To fit the \(i\)-th fine-scale HMM, with model parameters \(\theta^{*(i)}=(\delta^{*(i)}, \Gamma^{*(i)},(f^{*(i,k)})_k)\) to the \(t\)-th chunk of fine-scale observations, which is denoted by \((X_{t,t^*})_{t^*}\), we consider the fine-scale forward probabilities \[\begin{align*} \alpha^{*(i)}_{k,t^*}=f^{*(i)}(X^*_{t,1},\dots,X^*_{t,t^*}, S^*_{t,t^*}=k), \end{align*}\] where \(t^*=1,\dots,T^*\) and \(k=1,\dots,N^*\). Using the fine-scale forward probabilities, the fine-scale likelihoods can be obtained from the law of total probability as \[\begin{align*} \mathcal{L}^\text{HMM}(\theta^{*(i)}\mid (X^*_{t,t^*})_{t^*})=\sum_{k=1}^{N^*}\alpha^{*(i)}_{k,T^*}. \end{align*}\] The forward probabilities can be calculated in a recursively as \[\begin{align*} \alpha^{*(i)}_{k,1} &= \delta^{*(i)}_k f^{*(i,k)}(X^*_{t,1}), \\ \alpha^{*(i)}_{k,t^*} &= f^{*(i,k)}(X^*_{t,t^*})\sum_{j=1}^{N^*}\gamma^{*(i)}_{jk}\alpha^{*(i)}_{j,t^*-1}, \quad t^*=2,\dots,T^*. \end{align*}\]

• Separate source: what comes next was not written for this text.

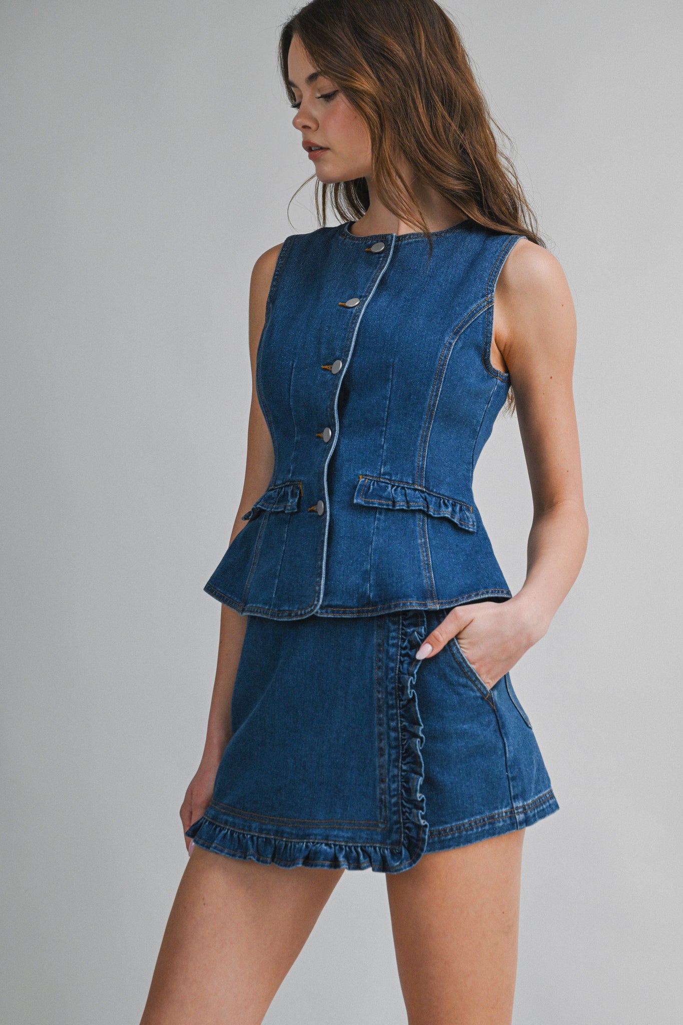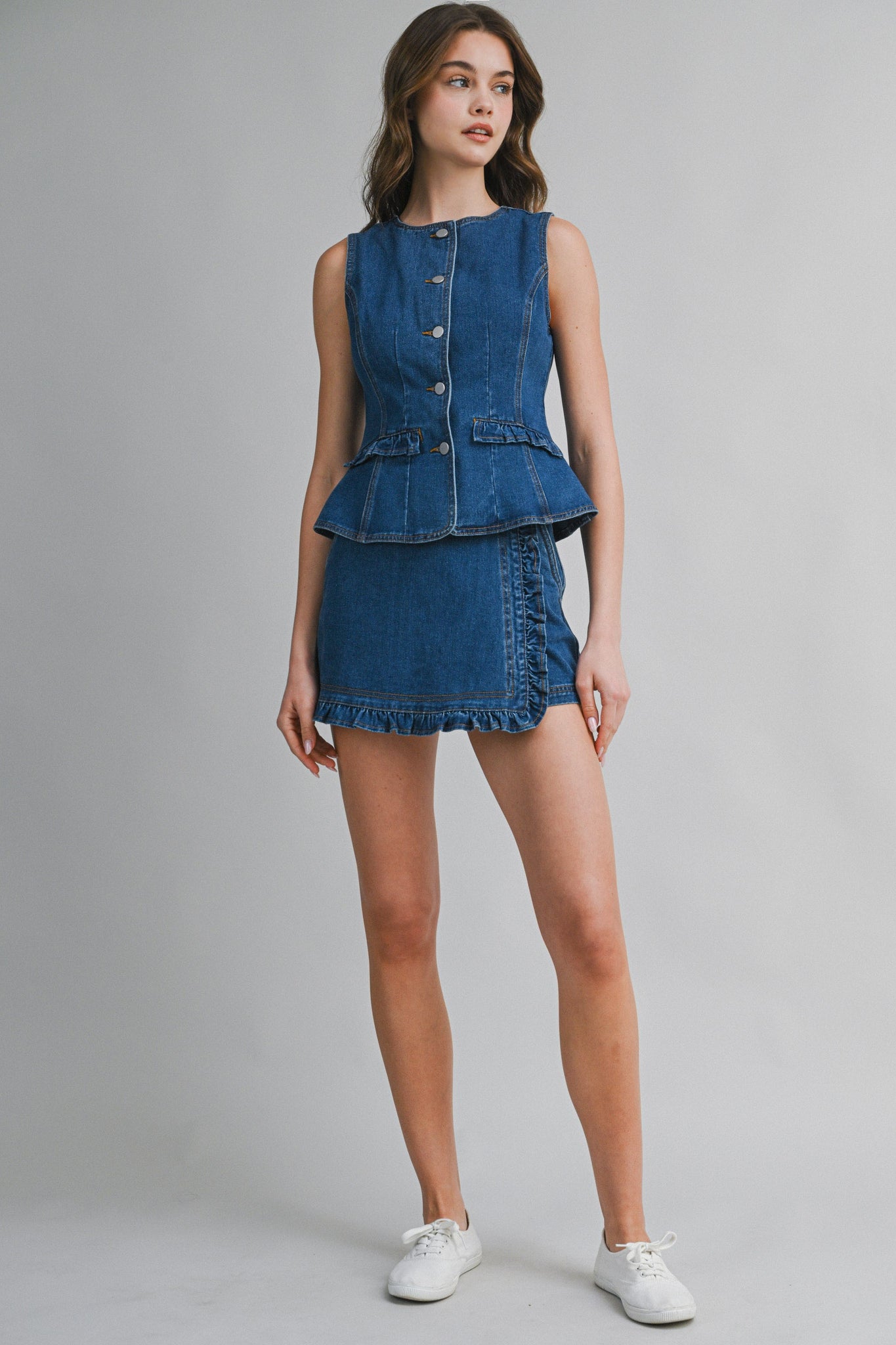 Denim Ruffle Trim Skort Set

The transition from the likelihood function of an HMM to the likelihood function of an HHMM is straightforward: Consider the coarse-scale forward probabilities \[\begin{align*} \alpha_{i,t}=f(X_1,\dots,X_t,(X^*_{1,t^*})_{t^*},\dots,(X^*_{t,t^*})_{t^*}, S_t=i), \end{align*}\] where \(t=1,\dots,T\) and \(i=1,\dots,N\). The likelihood function of the HHMM results as \[\begin{align*} \mathcal{L}^\text{HHMM}(\theta,(\theta^{*(i)})_i\mid (X_t)_t,((X^*_{t,t^*})_{t^*})_t)=\sum_{i=1}^{N}\alpha_{i,T}. \end{align*}\] The coarse-scale forward probabilities can be calculated similarly by applying the recursive scheme \[\begin{align*} \alpha_{i,1} &= \delta_i \mathcal{L}^\text{HMM}(\theta^{*(i)}\mid (X^*_{1,t^*})_{t^*})f^{(i)}(X_1), \\ \alpha_{i,t} &= \mathcal{L}^\text{HMM}(\theta^{*(i)}\mid (X^*_{t,t^*})_{t^*}) f^{(i)}(X_t)\sum_{j=1}^{N}\gamma_{ji}\alpha_{j,t-1}, \quad t=2,\dots,T. \end{align*}\]

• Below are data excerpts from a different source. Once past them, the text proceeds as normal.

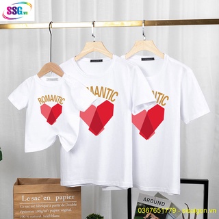 Áo Thun Gia Đình Romantic Trái Tim Đồng phục gia đình 3/4/5 người, áo thun nhóm giá rẻ thun cotton mát mịn, không nhăng
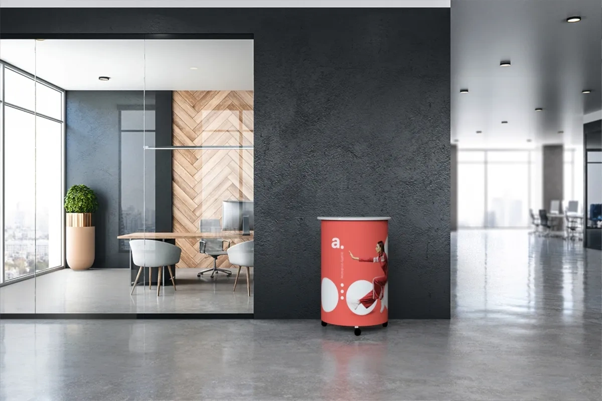 adTribune Hit Mini è un bancone espositivo che si distingue per la sua struttura compatta su ruote. È una soluzione pratica e mobile che si rivela efficace durante promozioni e degustazioni, anche in spazi limitati.
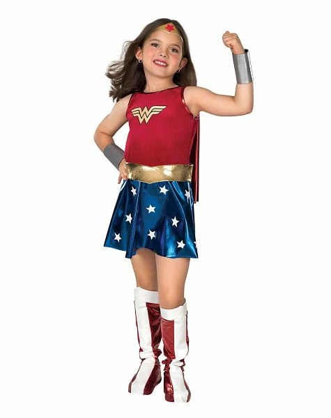 Fight or flight, you’ll love the officially licensed Wonder Woman Deluxe child costume. Have a powerful Halloween in the polyester/spandex blend dress with cape includes a gold belt, red and white boot tops, silvery bracelets and signature headpiece.
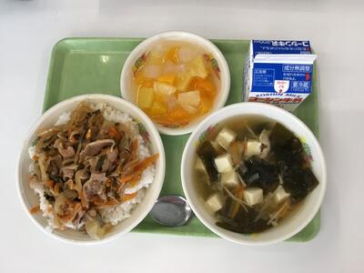 『牛乳 わかめご飯 生揚げのそぼろ煮 春野菜の豚汁 豆乳パンナコッタ』
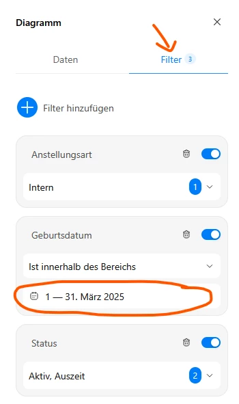 im vorgegebenen Gebursttagsbericht, hier auf Filter gehen. Da kannst du auch nur einen Monat auswählen:
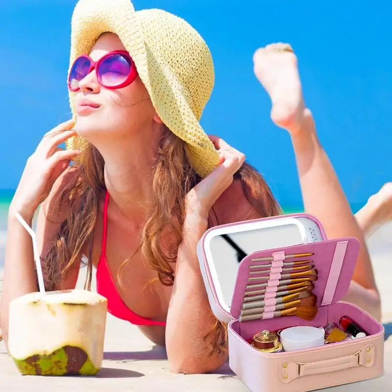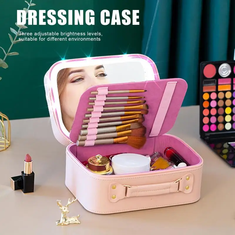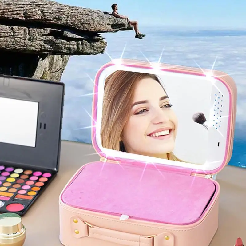 ObHPhnmqHere you can buy Makeup Box With Mirror Large Space Water Resistant Design Cosmetics Organizing Bag With LED Light for Jewelry Home Storage with free delivery to your post office.
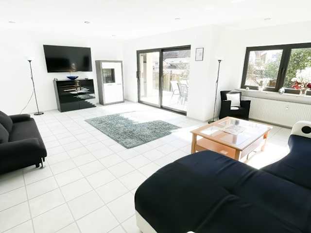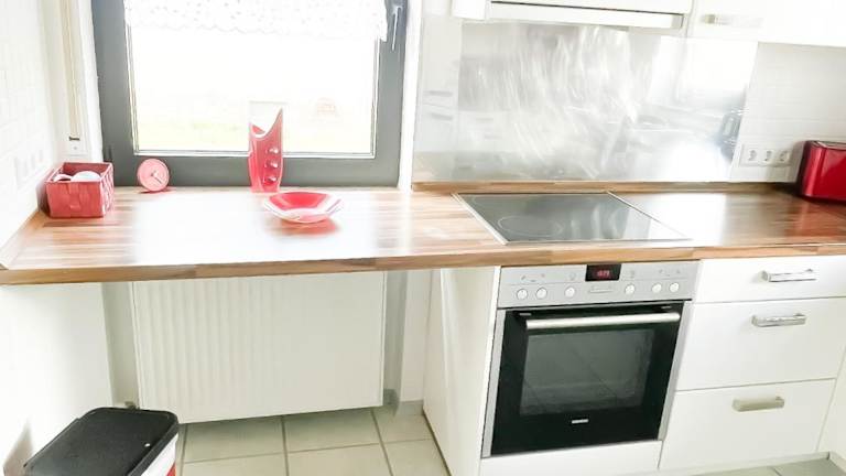 Die Ferienwohnung verfügt über drei Schlafzimmer, ein Wohnzimmer mit einem Kabel Flachbild-TV, eine gut ausgestattete Küche sowie ein Badezimmer mit Dusche und Badewanne. Handtücher und Bettwäsche sind ebenfalls Teil der Ausstattung. Die Terrasse und der Gartenblick tragen zur Bequemlichkeit bei.
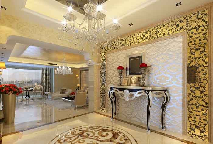 览尽所有设计思想、所有设计风格,无外乎是对生活的一种态度而已。为业主设计适合现代人居住,功能性强并且风景优美的古典主义风格时,能否敏锐地把握客户需求实际上对设计师们提出了更高的要求。无论是家具还是配饰均以其优雅、唯美的姿态,平和而富有内涵的气韵,描绘出居室主人高雅、贵族之身份。常见的欧式暗花壁纸、水晶灯、大理石拼花地面亦是新古典风格的点睛之笔。
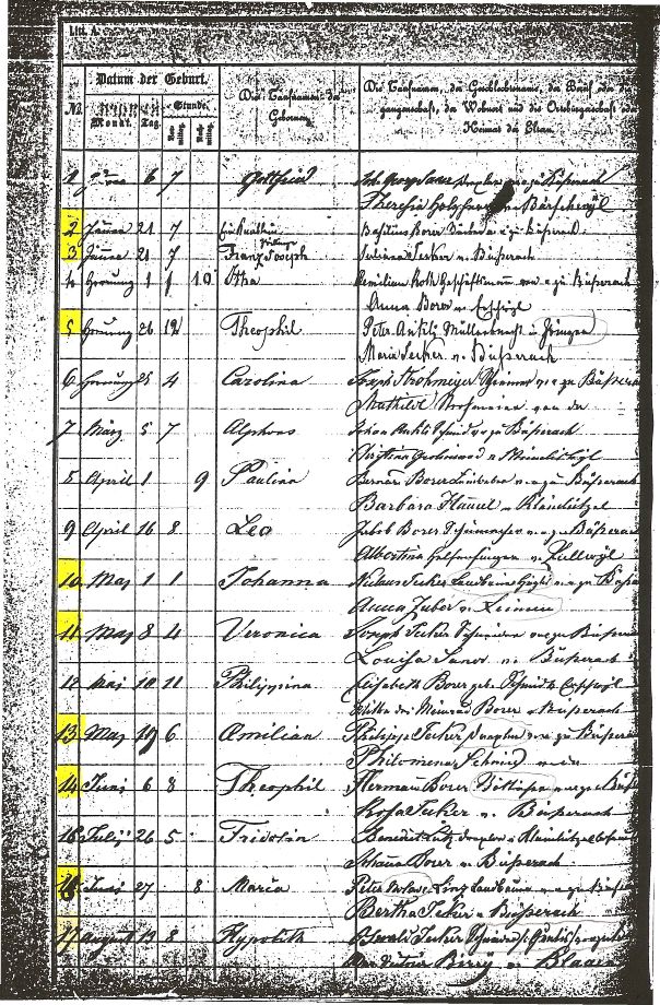 Note 2: Column headings are sequential number, birth date & time (am or pm), child's name, and parental information.
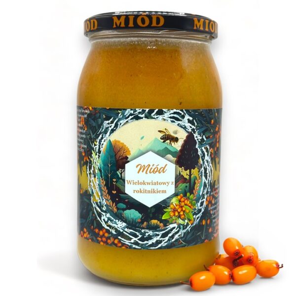✅ Miód Wielokwiatowy z Rokitnikiem 1,2 kg – połączenie naturalnego miodu z liofilizowanym rokitnikiem:

To account for parameter constraints associated with the transition probabilities (and potentially the parameters of the state-dependent distributions), we use parameter transformations. To ensure that the entries of the t.p.m.s fulfill non-negativity and the unity condition, we estimate unconstrained values \((\eta_{ij})_{i\neq j}\) for the non-diagonal entries of \(\Gamma\) and derive the probabilities using the multinomial logit link \[\begin{align*} \gamma_{ij}=\frac{\exp[\eta_{ij}]}{1+\sum_{k\neq i}\exp[\eta_{ik}]},~i\neq j \end{align*}\] rather than estimating the probabilities \((\gamma_{ij})_{i,j}\) directly. The diagonal entries result from the unity condition as \[\begin{align*} \gamma_{ii}=1-\sum_{j\neq i}\gamma_{ij}. \end{align*}\] Furthermore, variances are strictly positive, which can be achieved by applying an exponential transformation to the unconstrained estimator.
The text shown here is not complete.